Comparison of SARS-CoV-2 3CLpro with family S1: activation and ligand interactions

The zymogen-enzyme transformation is the activation mechanism of S1 proteases (Stroud et al. 1977; S1 is the largest family of proteases, and its nucleophile in the catalytic triad is serine, including trypsin and chymotrypsin). Figure 3b shows a representative case in which the active form of the C-loop of α-chymotrypsin (residues 188–195 containing the nucleophile Ser195 of the catalytic triad; PDB:4cha; Tsukada and Blow 1985) is compared with the inactive form of chymotrypsinogen (the zymogen of chymotrypsin; PDB:1ex3; Pjura et al. 2000). Because chymotrypsinogen is cleaved into three chains, residues 1‒13, 16‒146, and 149‒149, for conversion into α-chymotrypsin, the N-terminal positive charge NH3+ of Ile16 forms a salt bridge with the carboxylate of Asp194 and induces a flipping motion of the Asp194 side-chain from the position hydrogen bonded to His40 in chymotrypsinogen. The dissociation between Asp194 and His40 allows the oxygen atom of Gly193 to form an HB to His40 and to complete the oxyanion hole consisting of the nitrogen atoms of Gly193 and Ser195, whereas Ser195 stably maintains an HB with Gly43 during the whole transformation process (Fig. 3b). The active form has a number of other HBs to the C-loop (S189-V17, M192-L143, D194-G142, and S195-H57, where His57 is the base of the catalytic triad).
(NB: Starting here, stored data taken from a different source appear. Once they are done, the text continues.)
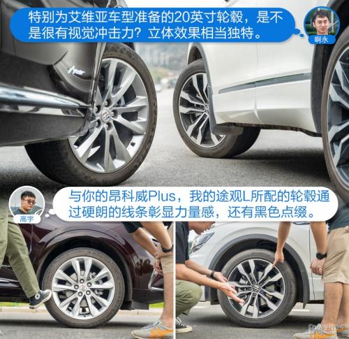 “有没发现昂科威Plus的轮毂设计很特别?”啊永问,“它转动起来的时候你可以观察一下,会有多种颜色变换的效果”。昂科威Plus艾维亚配备了马牌PC6轮胎,低滚阻的设定让它降低整车的油耗,同时兼顾舒适性和操控性。途观L配备的韩泰万途仕系列轮胎则更倾向于抓地力性能,舒适表现会不及马牌PC6。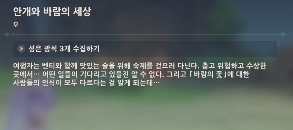 여행자는 벤티와 함께 맛있는 술을 위해 숙제를 걷으러 다닌다.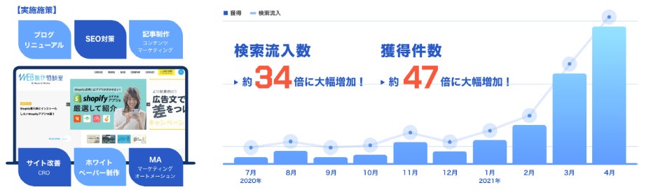 ただ上位表示させるのではなく、成果につながるキーワードでの上位表示や獲得率の改善を目的としたUI/UX改善も実施することで、お問い合わせが飛躍的に増加いたしました。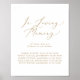 Ce panneau mémorial de mariage mémoire affectueuse or délicat est parfait pour un mariage moderne. Le design romantique minimaliste présente une typographie jaune doré champagne élégante et charmante sur fond blanc avec un aspect propre et simple.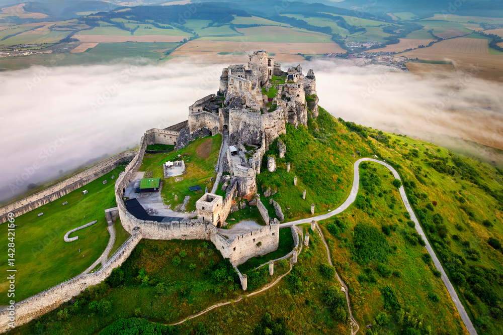 Aerial view of Spis Castle (Spissky hrad, Slovakia) on fogy summer morning #1428421569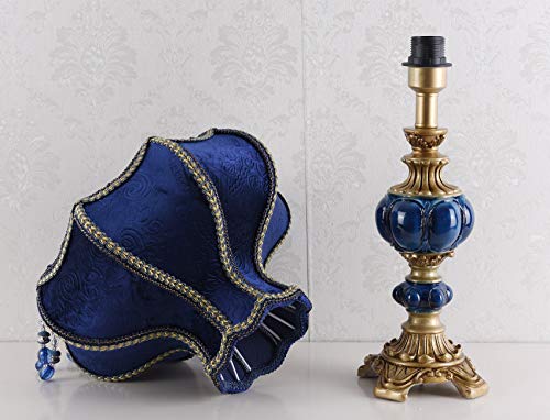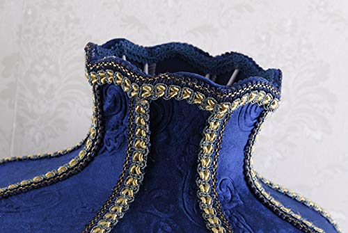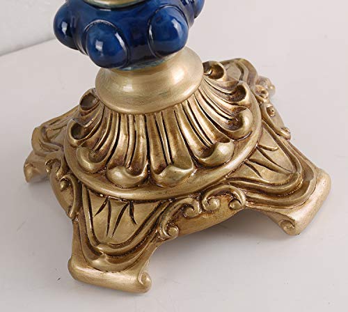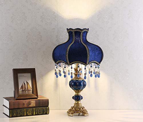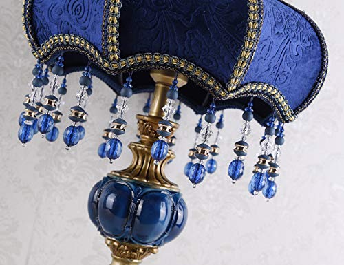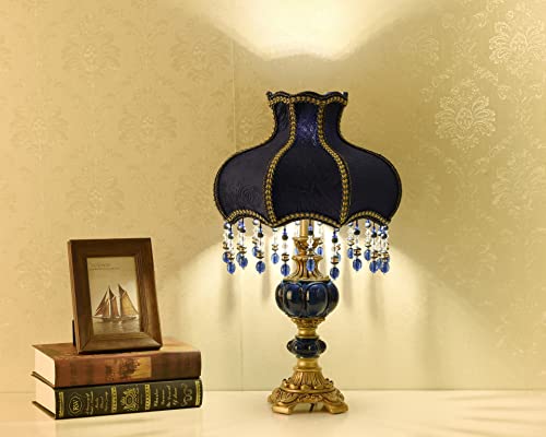 Victorian Style Table Lamp Blue Fabric Lampshade Hand-Made Antique Varnished Resin Lampbody Small Lamp for Living Room Bedroom,13 in W, 21.6 in H (Q2)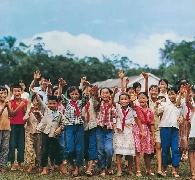 图上一群孩子,穿着蓝裤褂子、土布衬衣,脚下凉鞋翻毛边,笑得没遮没掩的,脖子上红领巾一串亮眼,没人管谁的新谁的旧,只要集合一站,谁都自信得不行,操场子是泥地,天是干净的蓝,衣服花色八成一个样吧,但每个人的童年都能晒出不一样的光,这种集体笑声要多少有多少,可惜现在城市孩子很难碰上了。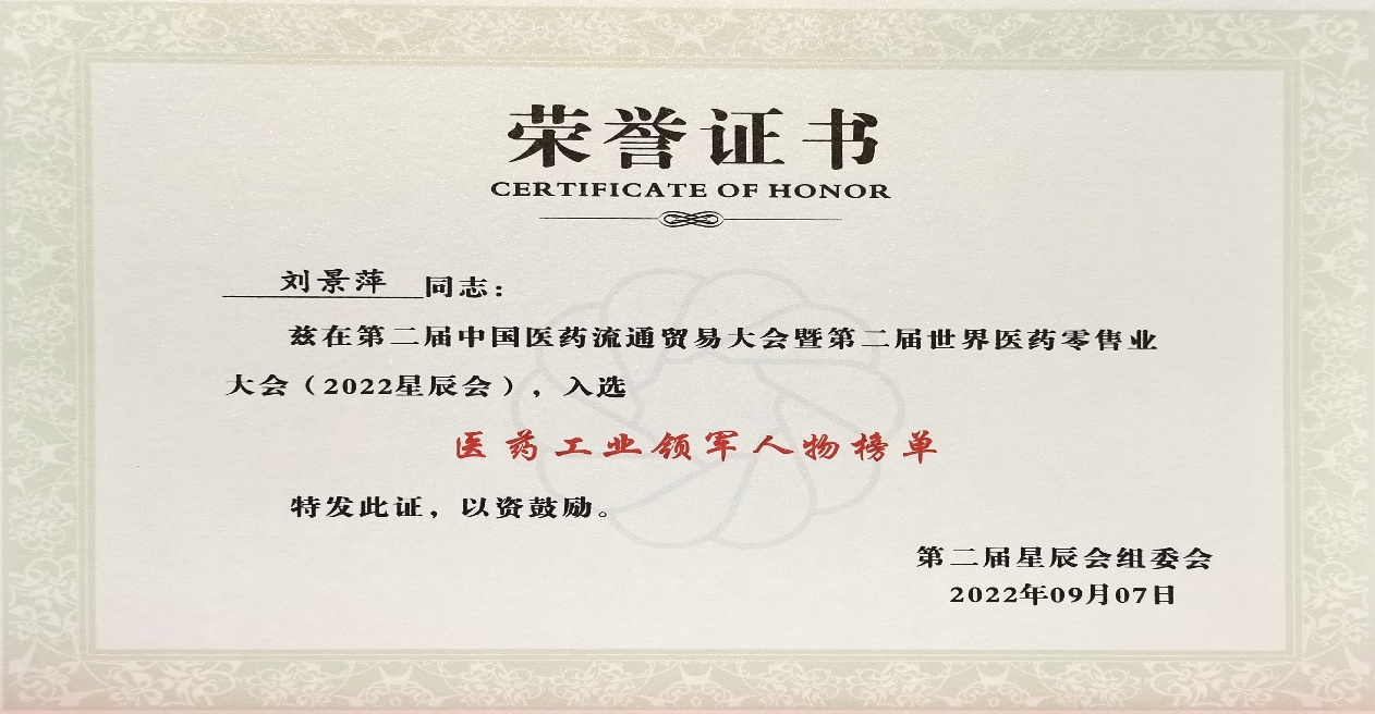 本次星辰会期间,GD视讯斩获颇丰,获得多项行业奖项及荣誉。在开幕式上,刘景萍董事长荣获“医药工业领军人物”称号。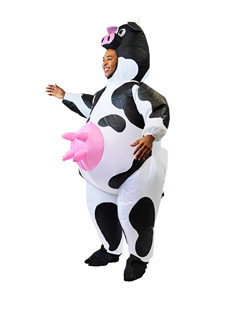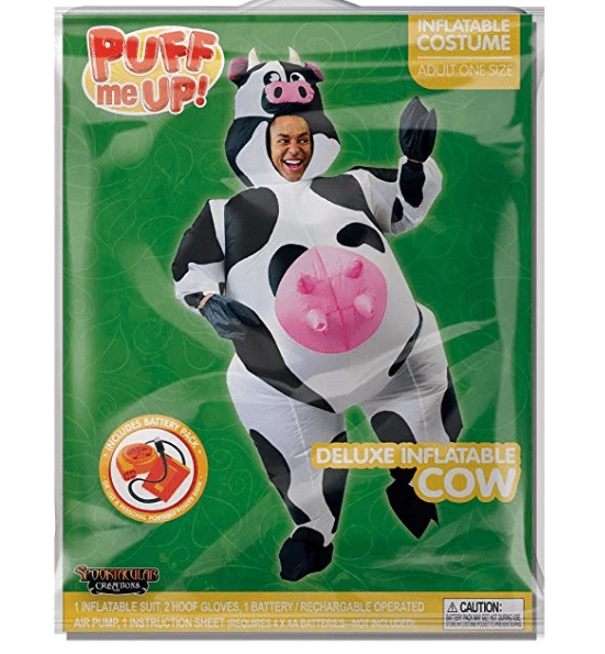 - Includes one Inflatable Cow Costume, and an air pump.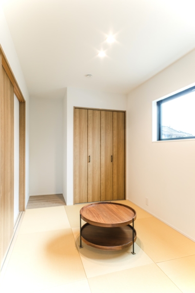明るく落ち着く和室は、リビング横に設計。家族団らんの場や来客時のおもてなしにも。
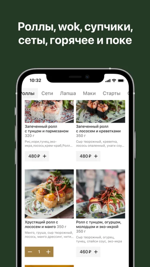 Здесь: роллы, wok, супчики, сеты, горячее и поке.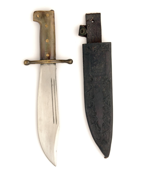 privately purchased by Col James Roosevelt for issue to the 2nd Raider Battalion U.S.M.C. in 1942, with 9 1/4in. clip-point blade signed 'COLLINS & CO LEGITIMUS MADE IN USA NO18' together with an arm and hammer trademark, twin lines carved near the back-edge to both sides, brass cross-guard with ball finials and horn grips held by five brass rivets, COMPLETE WITH its original tooled leather scabbard embossed with 'COLLINS & CO LEGITIMUS' together with a picture of an arm wielding a hammer above a crown and a large number '13' (leather retaining strap at fault)
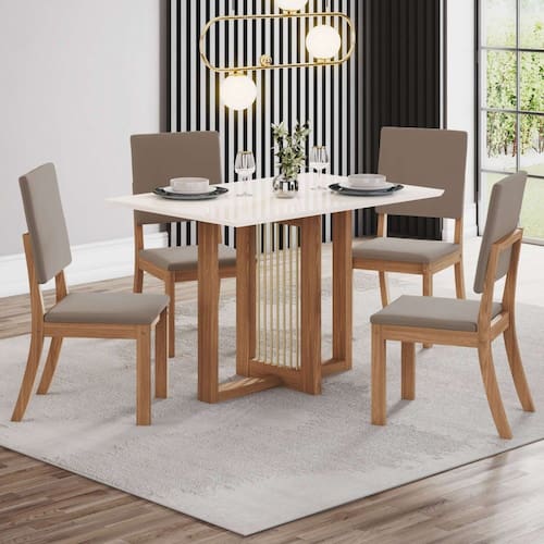 O(a) Mesa de Jantar 4 Lugares Valentina Milla Natural/Cinza - Pnr Móveis é produzido em MDF e MDP na escala de brilho Fosco, e possui um grau de dificuldade de montagem: Médio.

Another unique point is the disulfide bridge between Cys191 and Cys220, which fixes the N-terminal position of the C-loop, although this disulfide bridge occurs only in the subfamily S1A (family S1 contains the subfamilies S1A-S1F in MEROPS (Rawlings et al. 2018)).
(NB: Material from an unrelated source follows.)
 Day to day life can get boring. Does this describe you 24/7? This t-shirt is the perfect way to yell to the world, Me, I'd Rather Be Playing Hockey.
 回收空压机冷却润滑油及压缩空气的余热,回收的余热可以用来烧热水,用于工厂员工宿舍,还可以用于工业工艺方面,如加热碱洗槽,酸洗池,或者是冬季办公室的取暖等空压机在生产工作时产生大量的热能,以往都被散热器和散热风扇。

Comparing the conformational changes occurring during the activation process between SARS-CoV 3CLpro and chymotrypsinogen/chymotrypsin, we noticed similarities between the two proteases including the salt bridge with the N-terminal residue as the trigger for activation (Ser1 in another protomer of 3CLpro vs. Ile16 of the cleaved N-terminus in chymotrypsin), the stable position of the catalytic residue before and after activation (HB_C145O-N28N vs. HB_S195O-G43N), the switchable HB of the glycine residue constituting the oxyanion hole (HB_G143O-N28ND2 vs. HB_G193O-H40NE2), and many HBs cooperatively formed to stabilize the active form of the C-loop. Because there is no significant sequence similarity between the two proteases, the similarity in the activation mechanism should be the consequence of the strong evolutional constraint under the environment of the same chymotrypsin fold. However, the implication of the similar regulation for the catalytic activity of SARS-CoV-2 3CLpro remains obscure, whereas the necessity of the strict regulation for the cleavage activity in chymotrypsin is well understood (Stroud et al. 1977).
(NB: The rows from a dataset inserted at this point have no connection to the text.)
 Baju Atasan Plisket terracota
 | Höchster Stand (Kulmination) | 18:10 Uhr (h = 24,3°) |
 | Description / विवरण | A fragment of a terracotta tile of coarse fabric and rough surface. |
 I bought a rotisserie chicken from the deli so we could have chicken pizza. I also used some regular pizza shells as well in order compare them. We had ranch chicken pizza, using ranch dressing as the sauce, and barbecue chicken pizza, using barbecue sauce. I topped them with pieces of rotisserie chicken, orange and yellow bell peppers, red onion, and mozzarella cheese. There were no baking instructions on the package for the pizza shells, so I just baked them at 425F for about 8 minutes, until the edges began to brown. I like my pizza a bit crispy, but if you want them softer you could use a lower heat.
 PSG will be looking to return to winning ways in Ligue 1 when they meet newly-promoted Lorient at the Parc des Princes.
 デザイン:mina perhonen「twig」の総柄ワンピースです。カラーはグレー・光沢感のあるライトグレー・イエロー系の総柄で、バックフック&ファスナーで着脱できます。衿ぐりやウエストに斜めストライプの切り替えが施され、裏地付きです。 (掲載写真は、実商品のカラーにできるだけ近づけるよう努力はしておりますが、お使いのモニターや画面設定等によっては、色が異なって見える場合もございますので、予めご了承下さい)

In addition to the structural changes during activation, another important functional dynamics upon ligand binding occurs in the β-turn at residues 166–178 in SARS-CoV-2 3CLpro, called the E-loop (named after the N-terminal residue of Glu166 at the subsite S3, also called L2 by Tan et al. (2005)). According to the crystal structure ensemble of 3CLpro, the E-loop sensitively responds to the ligand interactions to cause a ligand size-dependent conformational change. A large ligand shifts down the E-loop to make a larger space for the ligand, whereas a small ligand shifts up the E-loop to maintain the interactions (Kidera et al. 2021). The simulation of the binding process of a substrate peptide indicated that the dynamics of the E-loop play an important role in leading the peptide from the initially encountered position at the protein surface to the fully bound state deep inside of the cleft by susceptibly changing its conformation (Moritsugu et al. 2022).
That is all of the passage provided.